**WHAT YOU WILL DO**:
For the data below, retype word for word the lines from the one containing "FKGJKT Jingdezhen Porcelain" through the one containing "Proceed to attach"; drop the pictures.

**MATERIAL FOR THIS EXERCISE**:

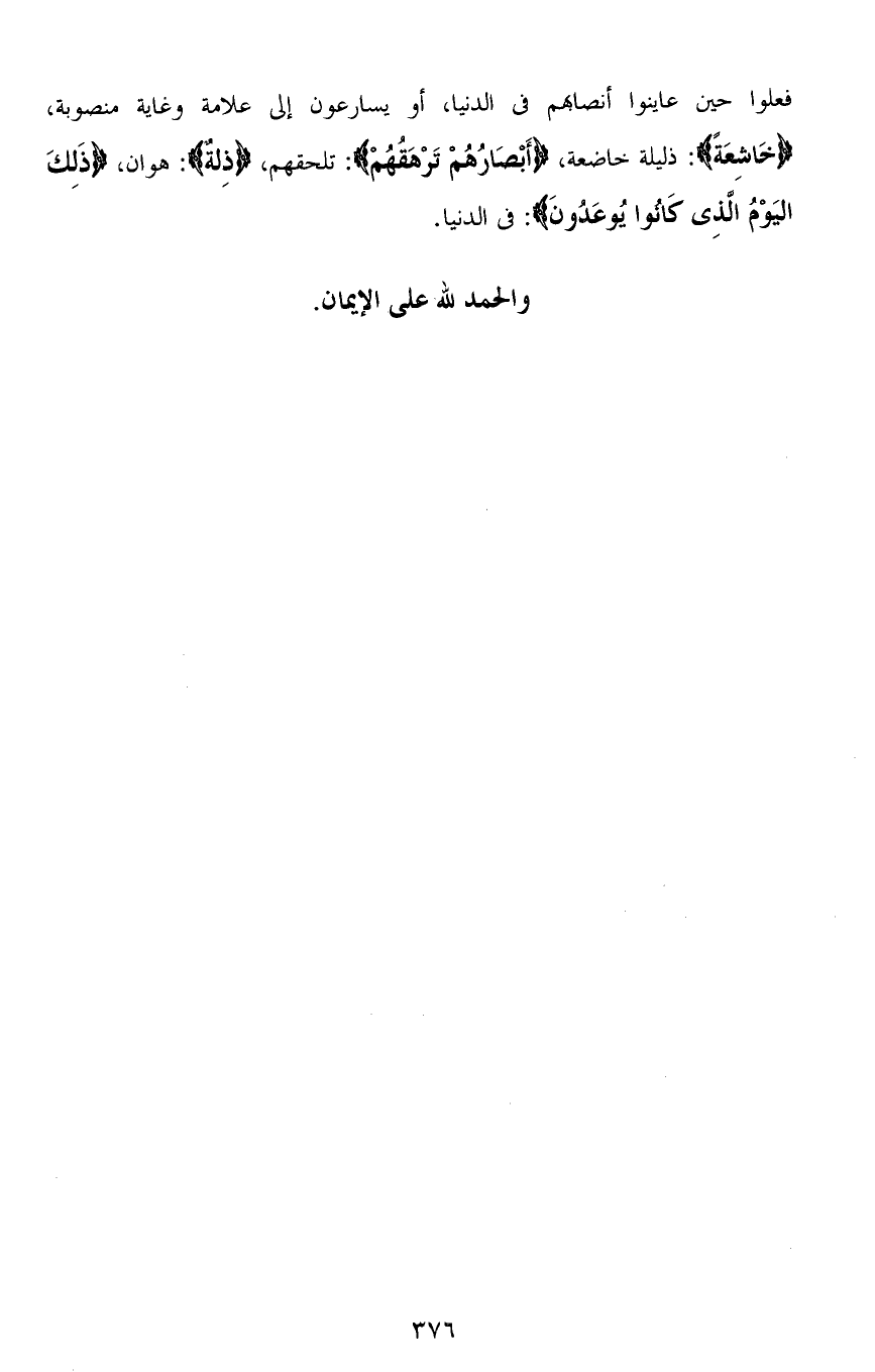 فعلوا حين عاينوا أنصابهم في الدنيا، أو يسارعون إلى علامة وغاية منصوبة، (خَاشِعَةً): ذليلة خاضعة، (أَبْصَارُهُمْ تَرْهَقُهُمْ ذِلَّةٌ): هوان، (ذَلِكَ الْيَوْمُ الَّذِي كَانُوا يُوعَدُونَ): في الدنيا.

* * *

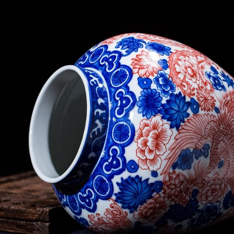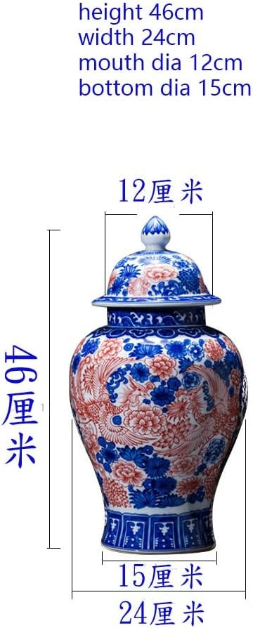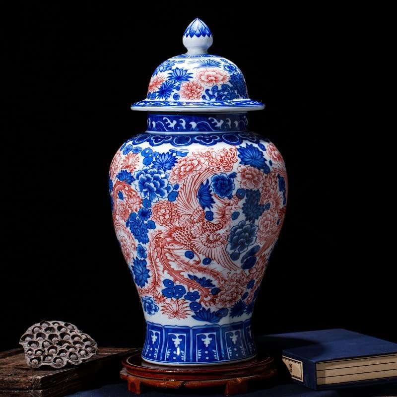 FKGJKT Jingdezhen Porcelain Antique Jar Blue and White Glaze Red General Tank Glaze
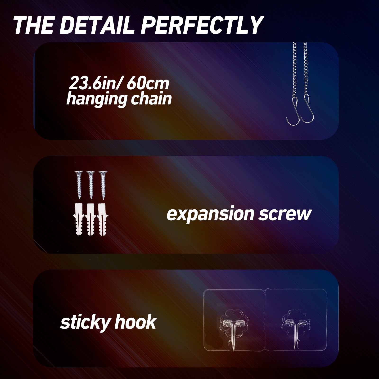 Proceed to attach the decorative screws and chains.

* * *

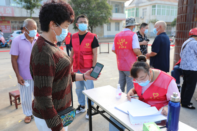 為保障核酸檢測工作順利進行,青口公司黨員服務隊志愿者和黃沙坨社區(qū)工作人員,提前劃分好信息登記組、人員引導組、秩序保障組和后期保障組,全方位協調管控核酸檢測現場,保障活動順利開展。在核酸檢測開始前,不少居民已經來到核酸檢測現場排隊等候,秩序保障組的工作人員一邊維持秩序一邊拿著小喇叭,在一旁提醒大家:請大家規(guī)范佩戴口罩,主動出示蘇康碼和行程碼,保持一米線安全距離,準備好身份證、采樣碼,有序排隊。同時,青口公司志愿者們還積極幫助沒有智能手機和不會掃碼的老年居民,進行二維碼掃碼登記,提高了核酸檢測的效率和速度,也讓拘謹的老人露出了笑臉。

**SOLUTION TO THE PROBLEM**:
 FKGJKT Jingdezhen Porcelain Antique Jar Blue and White Glaze Red General Tank Glaze
 Proceed to attach the decorative screws and chains.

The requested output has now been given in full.